2018年4月20日エルおおさか本館視聴覚室で表記のシンポが開催された。
過労死防止大阪センターは、2014年の過労死等防止対策推進法の成立・施行を受け、2015年3月13日に発足し、大阪で過労死等の防止と救済に取り組むことを目的としている。

シンポの冒頭、当協会の会員でもある松丸正センター代表幹事と来賓の綿貫直大阪労働局労働基準部監督課課長より挨拶があった。

その後、大和田敢太滋賀大学名誉教授より「過労死と職場のハラスメント」という演題でご講演があった。大和田先生は、ハラスメントの類型が30種類以上ある現状では、被害者側がハラスメントの類型を立証しなければならないため、包括的なハラスメントの定義が必要だとされた。

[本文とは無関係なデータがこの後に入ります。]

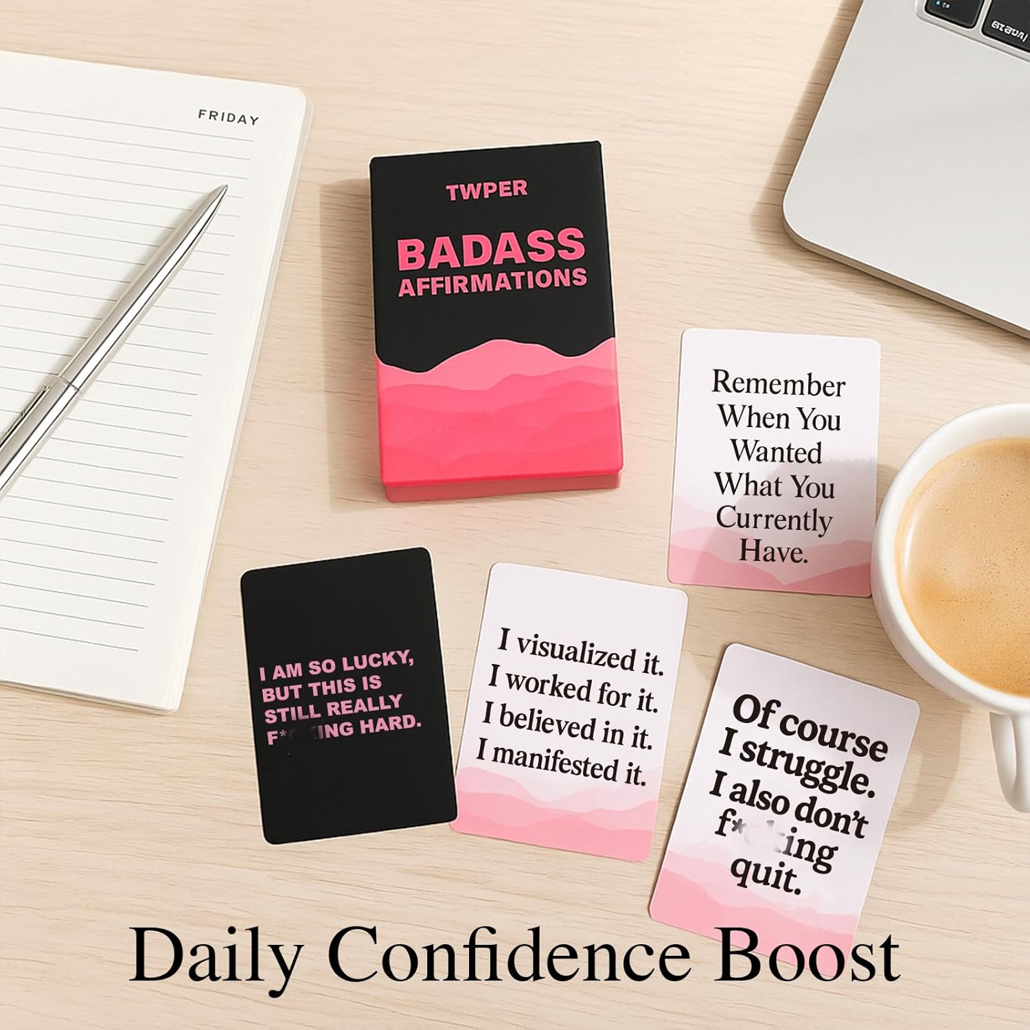 Recharge your mindset and reclaim your power with the TWPER Badass Affirmations Card Deck—a bold, no-BS set of 100 empowering messages designed for modern women who hustle, heal, and grow. Whether you’re facing burnout, anxiety, or just Monday mornings, these daily affirmation cards offer a shot of strength and sass that reminds you exactly who you are. Packaged in a premium gift box with a powerful pink-on-black mountain design, these cards are not just tools—they’re a vibe. Loved by thousands of women, from students to working professionals, they make the perfect gift for birthdays, graduations, or as a pick-me-up for yourself. Bring them to your desk, mirror, or bag—wherever you need a reminder to keep shining.
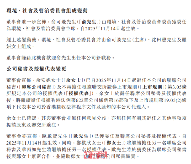 董事會宣布,余安妮已自2025年11月14日起辭任本公司的聯席公司秘書(「聯席公司秘書」)及不再擔任根據聯交所證券上市規則(「上市規則」)第3.05條所規定本公司的授權代表(「授權代表」)。余安妮于辭任聯席公司秘書及授權代表后,將繼續擔任根據香港法例第622章公司條例第16部項下及上市規則第19.05(2)條項下代表本公司于香港接收法律程序文件及通知的本公司代理人。
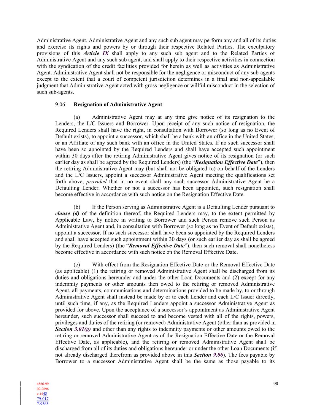 4866-99 02-2696 v.1548 79-017 7-9565 90 Administrative Agent. Administrative Agent and any such sub agent may perform any and all of its duties and exercise its rights and powers by or through their respective Related Parties. The exculpatory provisions of this Article IX shall apply to any such sub agent and to the Related Parties of Administrative Agent and any such sub agent, and shall apply to their respective activities in connection with the syndication of the credit facilities provided for herein as well as activities as Administrative Agent. Administrative Agent shall not be responsible for the negligence or misconduct of any sub-agents except to the extent that a court of competent jurisdiction determines in a final and non-appealable judgment that Administrative Agent acted with gross negligence or willful misconduct in the selection of such sub-agents. 9.06 Resignation of Administrative Agent. (a) Administrative Agent may at any time give notice of its resignation to the Lenders, the L/C Issuers and Borrower. Upon receipt of any such notice of resignation, the Required Lenders shall have the right, in consultation with Borrower (so long as no Event of Default exists), to appoint a successor, which shall be a bank with an office in the United States, or an Affiliate of any such bank with an office in the United States. If no such successor shall have been so appointed by the Required Lenders and shall have accepted such appointment within 30 days after the retiring Administrative Agent gives notice of its resignation (or such earlier day as shall be agreed by the Required Lenders) (the “Resignation Effective Date”), then the retiring Administrative Agent may (but shall not be obligated to) on behalf of the Lenders and the L/C Issuers, appoint a successor Administrative Agent meeting the qualifications set forth above, provided that in no event shall any such successor Administrative Agent be a Defaulting Lender. Whether or not a successor has been appointed, such resignation shall become effective in accordance with such notice on the Resignation Effective Date. (b) If the Person serving as Administrative Agent is a Defaulting Lender pursuant to clause (d) of the definition thereof, the Required Lenders may, to the extent permitted by Applicable Law, by notice in writing to Borrower and such Person remove such Person as Administrative Agent and, in consultation with Borrower (so long as no Event of Default exists), appoint a successor. If no such successor shall have been so appointed by the Required Lenders and shall have accepted such appointment within 30 days (or such earlier day as shall be agreed by the Required Lenders) (the “Removal Effective Date”), then such removal shall nonetheless become effective in accordance with such notice on the Removal Effective Date. (c) With effect from the Resignation Effective Date or the Removal Effective Date (as applicable) (1) the retiring or removed Administrative Agent shall be discharged from its duties and obligations hereunder and under the other Loan Documents and (2) except for any indemnity payments or other amounts then owed to the retiring or removed Administrative Agent, all payments, communications and determinations provided to be made by, to or through Administrative Agent shall instead be made by or to each Lender and each L/C Issuer directly, until such time, if any, as the Required Lenders appoint a successor Administrative Agent as provided for above. Upon the acceptance of a successor’s appointment as Administrative Agent hereunder, such successor shall succeed to and become vested with all of the rights, powers, privileges and duties of the retiring (or removed) Administrative Agent (other than as provided in Section 3.01(g) and other than any rights to indemnity payments or other amounts owed to the retiring or removed Administrative Agent as of the Resignation Effective Date or the Removal Effective Date, as applicable), and the retiring or removed Administrative Agent shall be discharged from all of its duties and obligations hereunder or under the other Loan Documents (if not already discharged therefrom as provided above in this Section 9.06). The fees payable by Borrower to a successor Administrative Agent shall be the same as those payable to its
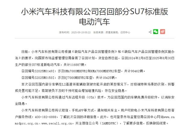 2025年9月19日,小米汽车科技有限公司向国家市场监督管理总局备案召回计划,宣布召回116,887辆SU7标准版电动汽车。这批生产于2024年2月至2025年8月的车辆,因L2高速领航辅助驾驶功能在“极端特殊场景下可能存在识别或处置不足”,需通过远程升级(OTA)消除隐患。
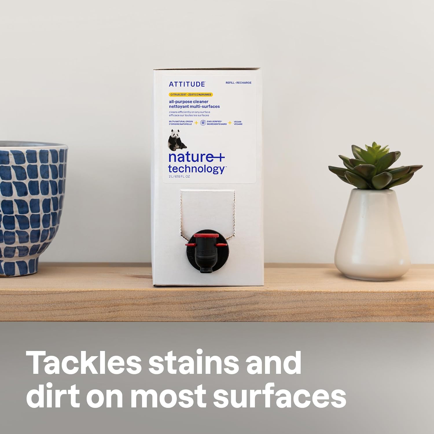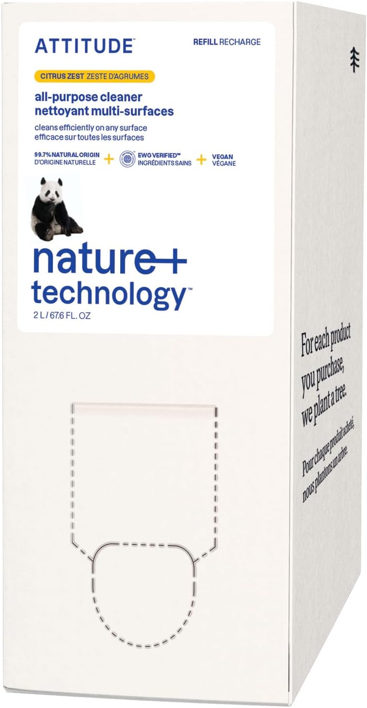 ATTITUDE All-Purpose Cleaner Refill, EWG Verified, Plant-Based & Vegan, Multi-Surface Cleaning Spray, Citrus Zest Scent, 67.6 Fl Oz

また、日本に特徴的な業務型ハラスメント(長時間労働、過重なノルマ、指導研修、懲罰的労働など)では、加害者側も被害者も、業務という形をとるがゆえに、ハラスメントであることを自覚しにくいため、当事者の心がけの取組だけに終わらせず、仕事配分のあいまいさや不均衡是正といった労働組織の問題点にまで踏み込んだ対策・規制が必要だと指摘した。なお、さらに詳しく知りたい方は、2月に出版されたばかりの大和田先生著「職場のハラスメント なぜ起こり、どう対処すべきか」(中公新書)をご覧ください。

その後、棗一郎日本労働弁護団幹事長より働き方改革をめぐる国会情勢の報告があり、続いて、当協会の会員でもある岩城穣弁護士から、過労死防止法と大綱の改正課題について報告があった。過労死防止法では、施行後3年をめどとして必要な措置を講じることとされている。岩城弁護士は、労働時間を正確に把握し、残業代をきちんと払うことが精神的なストレスの減少につながることが国の調査で明らかになったことや、今後、自動車運転業務、教員、ITなど重点業種について調査が行われること、国に対して、労働時間の適正把握、ハラスメント対策の法制化などの意見を出していくと報告した。

最後に、過労自死で息子さんを亡くされたご遺族の訴えがあり、過労死等をなくすためさらに活動を発展させていくことを確認し、シンポは幕を閉じた。